Yes — and this is the single most important reason Arizona couples need a prenup. Without one, A.R.S. § 25-211 makes virtually all income earned and assets acquired during marriage community property, split 50/50 at divorce. That includes salary, business growth, retirement contributions, and debts your spouse runs up. A properly drafted prenup can opt both parties out of community property entirely, converting the marriage into a fully separate-property arrangement. Arizona Court of Appeals decisions, including Pownall, have consistently affirmed this opt-out right.
How far in advance should I get a prenup in Arizona?
Arizona has no statutory minimum, but we recommend signing 30–60 days before the wedding, with your spouse having 2–3 weeks to review the final draft with their own attorney. Presenting it close to the wedding creates time pressure that supports a voluntariness challenge under A.R.S. § 25-202(C)(1). Contact an attorney 3–4 months before the wedding. Best practice: sign before proposing — no time pressure, no wedding-planning stress, and you'll learn something important about whether you really want to marry this person.
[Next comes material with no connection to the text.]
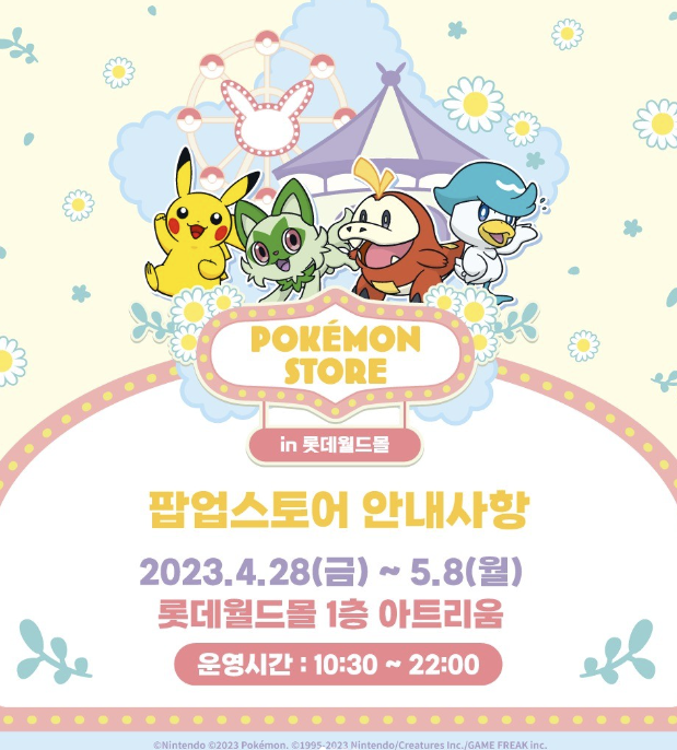 1층에 팝업스토어가 운영중이며, 1층 야외 월드파크에서 포켓몬으로 쫙 깔려있습니다.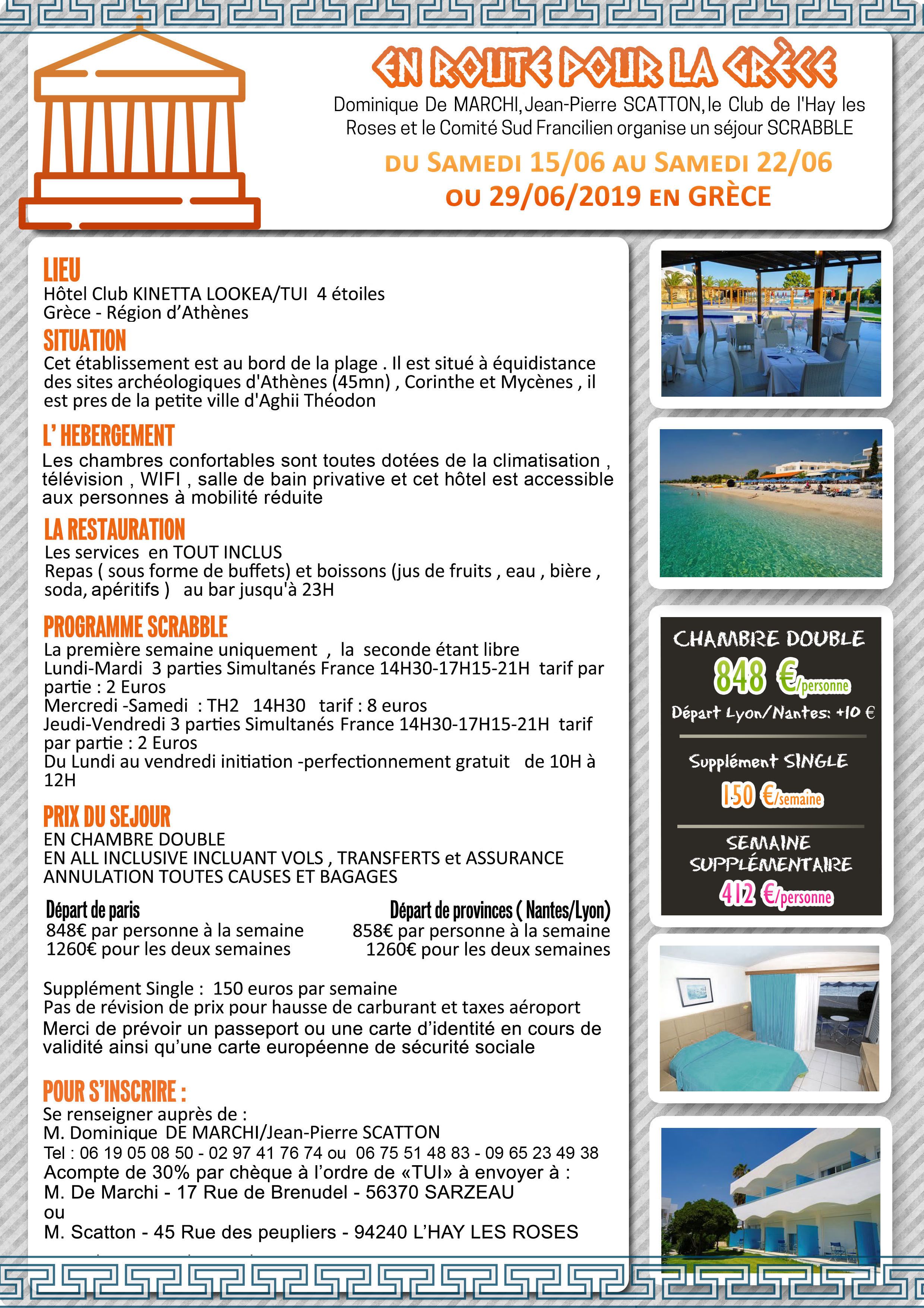 Acompte de 30% par chèque à l’ordre de « TUI » à envoyer à Dominique De Marchi 17, rue de Brénudel 56370 SARZEAU ou JP Scatton 45, rue des peupliers 94240 l’HAY LES ROSES

Can a prenup be challenged after the wedding in Arizona?
Yes, but the bar is very high. Arizona does not give courts a second look for unconscionability at divorce — only at signing. A spouse cannot return years later arguing the agreement became unfair as circumstances changed. The one statutory carve-out: if eliminating spousal support would cause a party to qualify for public assistance, a court may order minimum support to avoid that outcome (A.R.S. § 25-202(D)). Draft spousal support provisions to stay above that floor, and the agreement should hold.